Hairston attacked the basket with power and converted seven of his 11 two-point field goals. He also grabbed seven offensive rebounds.
In case you aren't getting the picture, Hairston was active and flat-out dominant.
Although the 2-guard shot just 1-of-7 from beyond the arc, he's improved significantly from there. This was simply an evening in which the shots weren't falling from distance.
From everywhere else, Hairston could hardly miss, and the 6'5" sophomore complemented that with a well-rounded stat sheet.
Hairston was everywhere Wednesday night, and he deserves the improvement in draft stock he's bound to receive.
James Michael McAdoo, North Carolina Tar Heels
Overall Grade: C-
Minutes Played: 34
Stat Line: 9 points, 8 rebounds, 1 assist, 2 steals, 4-of-12 FG, 1-of-5 FT
Matched up against an elite opponent on national television, James Michael McAdoo did nothing but create further questions about his true position.
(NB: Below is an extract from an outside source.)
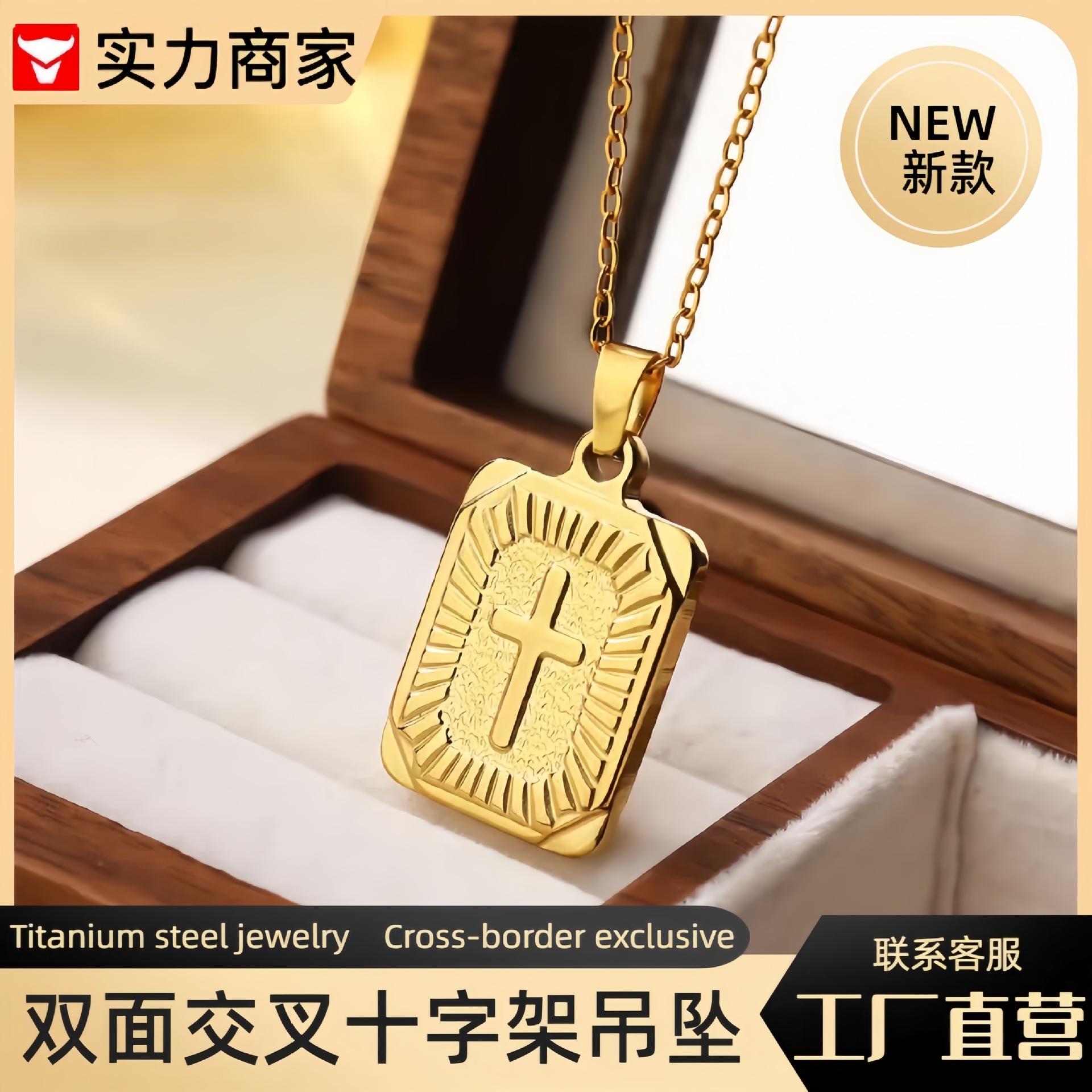 Huayue Amazon Cross-Border Men's and Women's Gold Square Stainless Steel Pendant Fashion Cross Letter Necklace Wholesale

McAdoo was routinely exposed on the low block for having an underdeveloped low-post game. It wasn't much prettier when he faced up.
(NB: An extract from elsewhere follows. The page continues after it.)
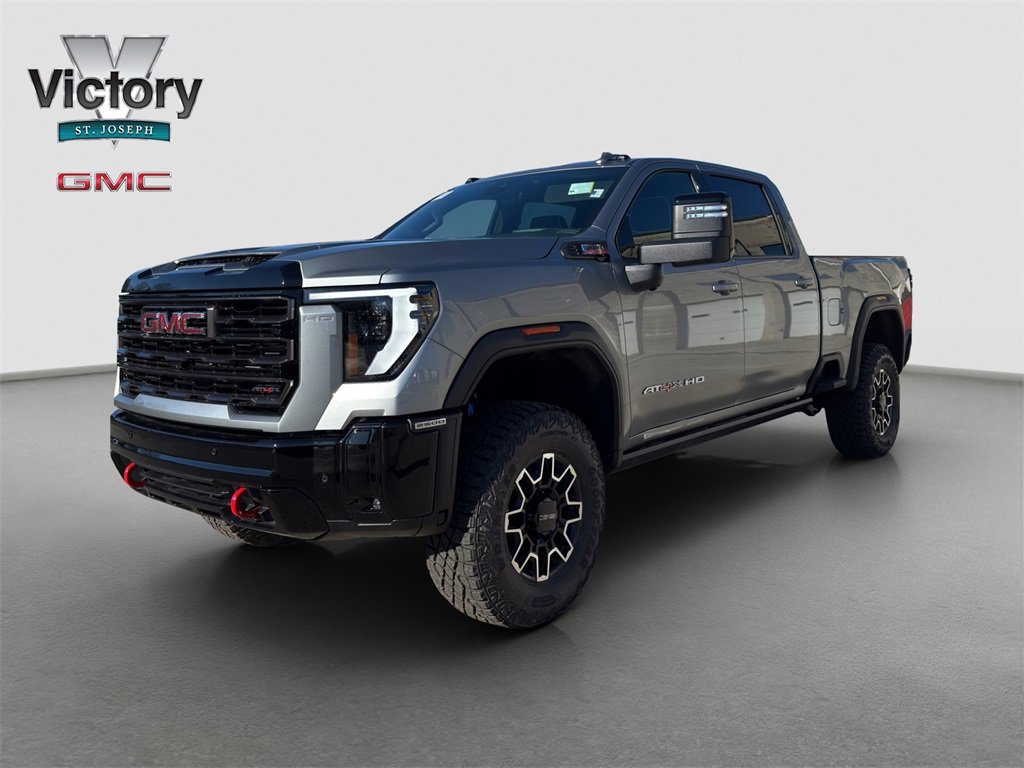 Sterling Metallic GMC Sierra 2500HD AT4X 4WD 10-Speed Automatic Duramax 6.6L V8 Turbodiesel 10-Speed Automatic, 4WD, Obsidian Rush Leather. 2026 Recent Arrival!

McAdoo failed to work his mid-range game and found more success with his energy than he did with his skill level.
This is the reason many have questioned whether or not McAdoo can play the 4. He's athletic enough to be a small forward, but his game is too one-dimensional on offense. His ability to crash the glass has some convinced that he can play down low, but that's proven to be a fallacy.
That he missed four of his five free throws doesn't help his cause, either.
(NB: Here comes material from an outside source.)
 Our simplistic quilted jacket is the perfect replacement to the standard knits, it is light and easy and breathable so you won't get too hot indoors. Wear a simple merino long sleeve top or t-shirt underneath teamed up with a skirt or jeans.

Mason Plumlee, Duke Blue Devils
Overall Grade: A+
Minutes Played: 35
Stat Line: 18 points, 11 rebounds, 1 block, 1 steal, 6-of-13 FG
Mason Plumlee is considered by many to be the front-runner for National Player of the Year. He proved why in the second half.
Plumlee scored eight points with North Carolina routinely double-teaming him after halftime. That includes four during the final four minutes.
Matched up against acclaimed prospect James Michael McAdoo, it was Plumlee who proved to be the best power forward in North Carolina.
Concerns about Plumlee's performance include a slow start and a high number of turnovers. Both of those factors played a part in Duke trailing at the half and being unable to run away with a seemingly comfortable lead in the second.
Even still, one can't help but be impressed with Plumlee's resilience.
Rasheed Sulaimon, Duke Blue Devils
Overall Grade: B
Minutes Played: 38
Stat Line: 13 points, 5 assists, 2 rebounds, 5-of-11 FG
Rasheed Sulaimon is a 6'4" shooting guard that is the complete package on offense.
The issue for Sulaimon has been his streaky shooting and tendency to lose focus on the task at hand. We saw both ends of the spectrum Wednesday night.
Sulaimon shot just 1-of-4 from beyond the arc. However, nine of his 13 points came in the second half. That includes two clutch free throws to secure the victory.
Unfortunately, he also committed four turnovers and four personal fouls.
Discipline is all that is separating Sulaimon from college stardom. It's also what will keep him from being a lottery pick.
An improvement in said area could change everything.